Some bibliometric studies have looked at the impact of coronavirus research, primarily focusing on the number and types of articles indexed in important scholarly databases. Because coronaviruses come in a variety of forms and can be the center of a publication or be less vital to a research endeavor, each study has operationalized its sample in different ways, and there is no singular method that everyone agrees on. All appear to have been created in 2020 as part of COVID-19. SARS, MERS, and COVID-19 publications were examined in a previous bibliometric analysis till March 25, 2020. For each disease, similar document types were produced, the volume of SARS and MERS research had declined with time, while COVID-19 research had received more citations (higher field normalized citation counts). This study used an all-encompassing search method, resulting in the discovery of 7,272 SARS records and 2,199 MERS materials (Hu, Chen, et al., 2020). As a result, research that is related to the three diseases but is not particularly about them may dominate this analysis.

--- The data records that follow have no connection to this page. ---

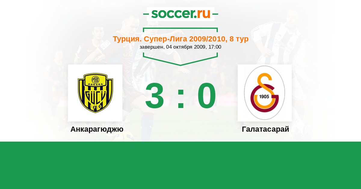 Турция. Суперлига 17.10.2010 Галатасарай Логотип футбольный клуб Галатасарай (Стамбул) 2:4 Логотип футбольный клуб Анкарагюджю Анкарагюджю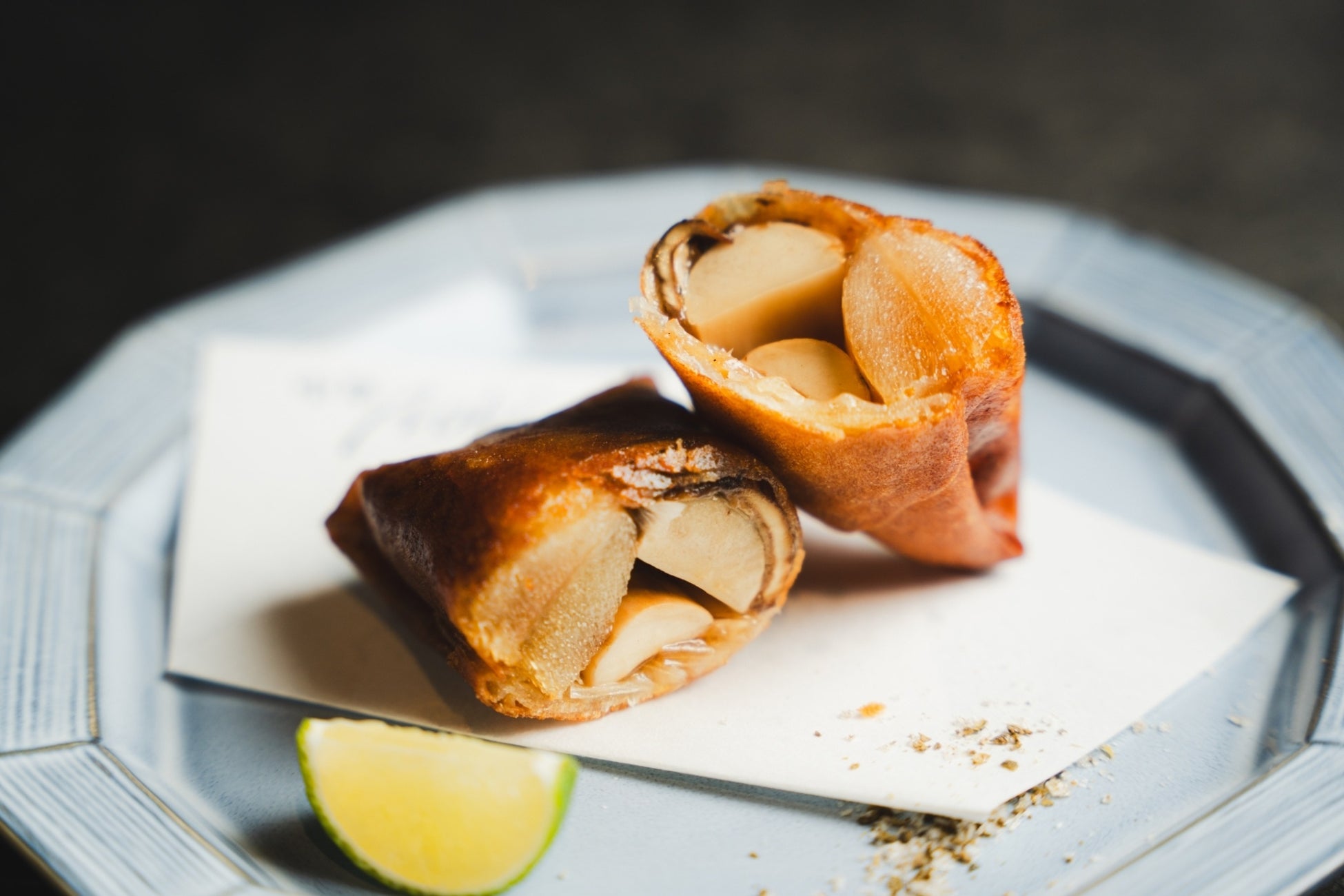 モウカザメとマツタケを贅沢にたっぷりと包み込んだ春巻き。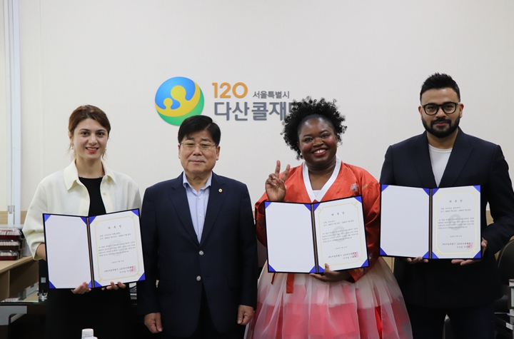 [뉴스스텝] 서울시 120다산콜재단(이사장 이이재)은 7월 21일 외국인들의 서울생활 편의를 높이기 위해 ‘외국인 서울생활 도우미120’을 위촉했다. 다양한 문화적 배경과 경험을 지닌 ▲럭키(아비셰크 굽타, 인도) ▲라힐(아마도바 라힐, 아제르바이잔) ▲마포 로르(카메룬계 프랑스인)가 120다산콜재단 운영자문으로 위촉되어, 외국인에게 필요한 정보 지원과 서울생활 도우미로 활동한다.

The findings suggest that, for the first time, previous SARS and MERS studies received significant new attention in April–May 2020, almost definitely as a result of the new COVID-19 study. Nonetheless, past SARS and MERS research had significantly less academic effect than publications from 2020 that examined or contextualized prior SARS and MERS research in the context of COVID-19, at least as measured by Mendeley reader counts. This problem does not appear to have been looked into for other diseases in the same group. While studies of SARS and MERS have influenced COVID-19 research, this has happened disproportionately through new articles that have established explicit links to COVID-19 or translated SARS and MERS research into COVID-19 implications. This emphasizes the need of translating research.

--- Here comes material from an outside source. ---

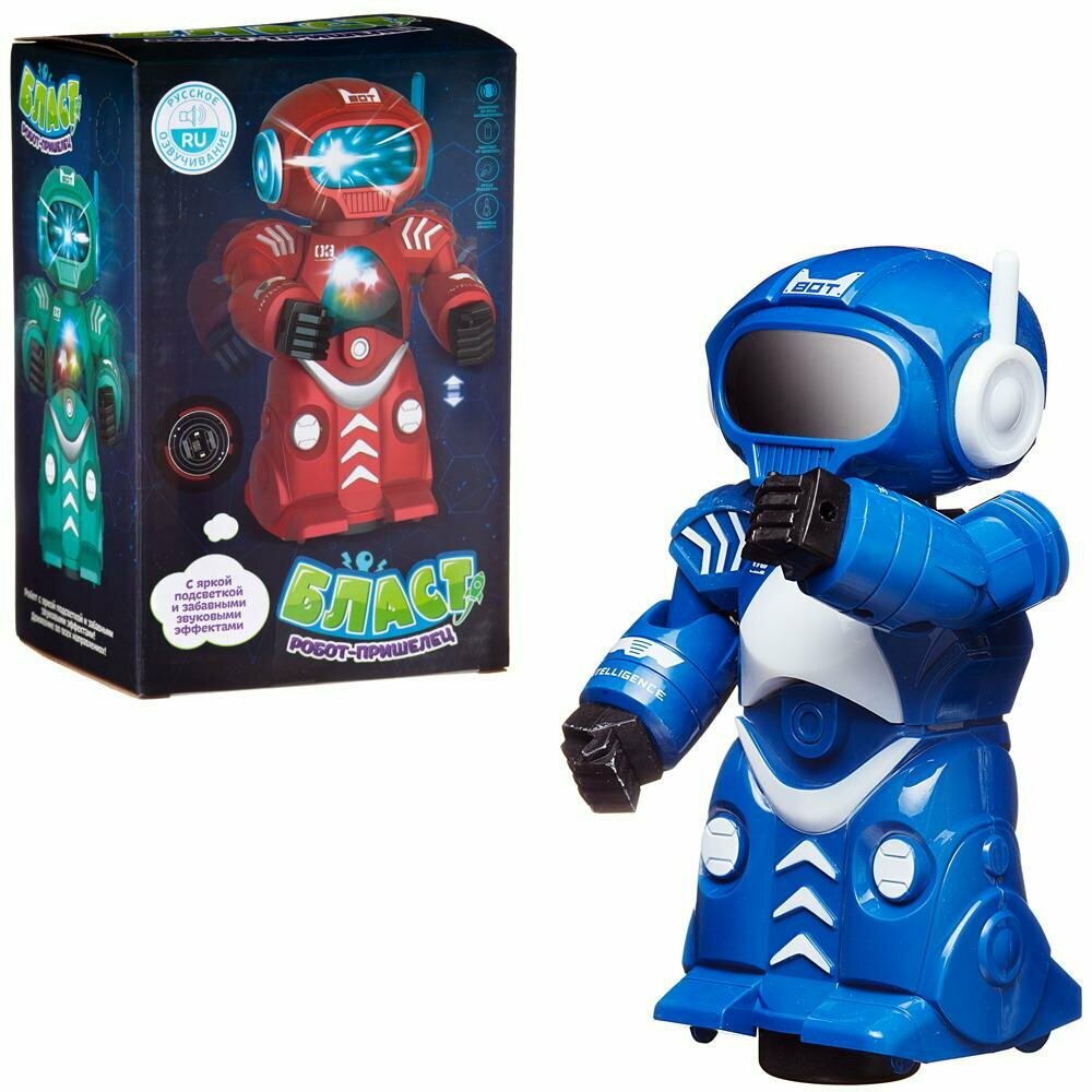 Робот-пришелец из серии Бласт станет отличным подарком для любого мальчика. Он имеет оригинальный дизайн, яркую, объемную подсветку. Робот может двигаться во всех направлениях: при столкновении с препятствием он разворачивается и продолжает движение до следующего препятствия. При движении руки робота поднимаются и опускаются. Робот произносит фразы на русском языке.

The findings confirm that previous SARS and MERS research is relevant for the COVID-19 scholarship, as expected. According to the Mendeley readership data, research analyzing SARS and MERS studies for COVID-19 is very valuable in academia. It is, on average, more widely read than the previous main studies that support it. This also shows that Mendeley reader counts understate the academic influence of pre-COVID-19 coronavirus research because published scholars prefer to read the interpretive articles rather than the original studies. The findings suggest that in the future, when new diseases that are variations of recognized diseases occur, the findings should be taken into account. Prioritizing the publication of evaluations of previous research and interpreting it in the context of the new condition may be necessary.

Reference

Chahrour, M., Assi, S., Bejjani, M., Nasrallah, A. A., Salhab, H., Fares, M., & Khachfe, H. H. (2020). A bibliometric analysis of Covid-19 research activity: A call for increased output. Cureus, 12(3).

Hamidah, I., Sriyono, S., & Hudha, M. N. (2020). A bibliometric analysis of Covid-19 research using VOSviewer. Indonesian Journal of Science and Technology, 5(2), 34–41.